## THE TASK
Only the lines below from the one that contains "OTC Yanyan Pian" through the one that contains "Three convenient sizes!" should appear in your answer, exact and without pictures.

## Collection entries

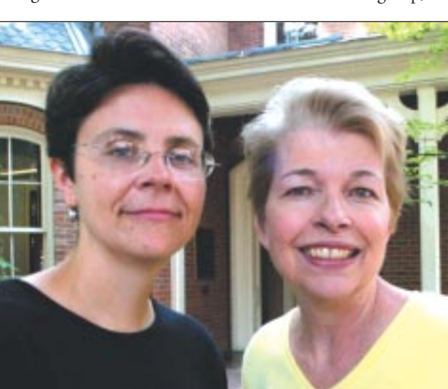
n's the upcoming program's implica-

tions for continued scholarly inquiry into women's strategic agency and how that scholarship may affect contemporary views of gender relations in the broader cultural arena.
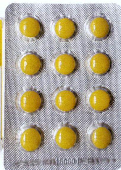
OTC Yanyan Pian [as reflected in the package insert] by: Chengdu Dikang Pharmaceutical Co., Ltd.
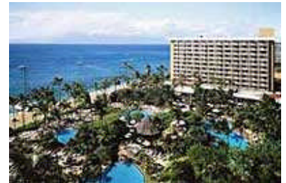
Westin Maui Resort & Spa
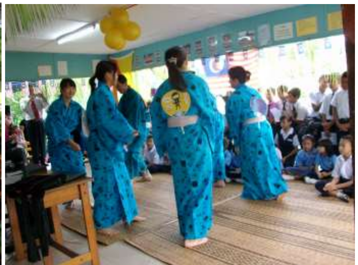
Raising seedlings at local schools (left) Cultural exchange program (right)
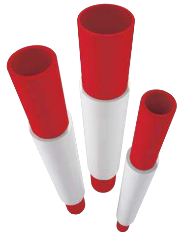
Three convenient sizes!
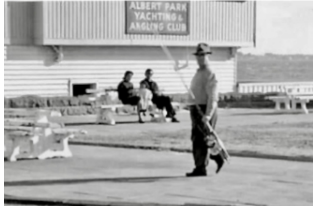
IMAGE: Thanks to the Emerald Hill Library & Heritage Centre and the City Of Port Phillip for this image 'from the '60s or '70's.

## SOLVED PROBLEM
OTC Yanyan Pian [as reflected in the package insert] by: Chengdu Dikang Pharmaceutical Co., Ltd.
Westin Maui Resort & Spa
Raising seedlings at local schools (left) Cultural exchange program (right)
Three convenient sizes!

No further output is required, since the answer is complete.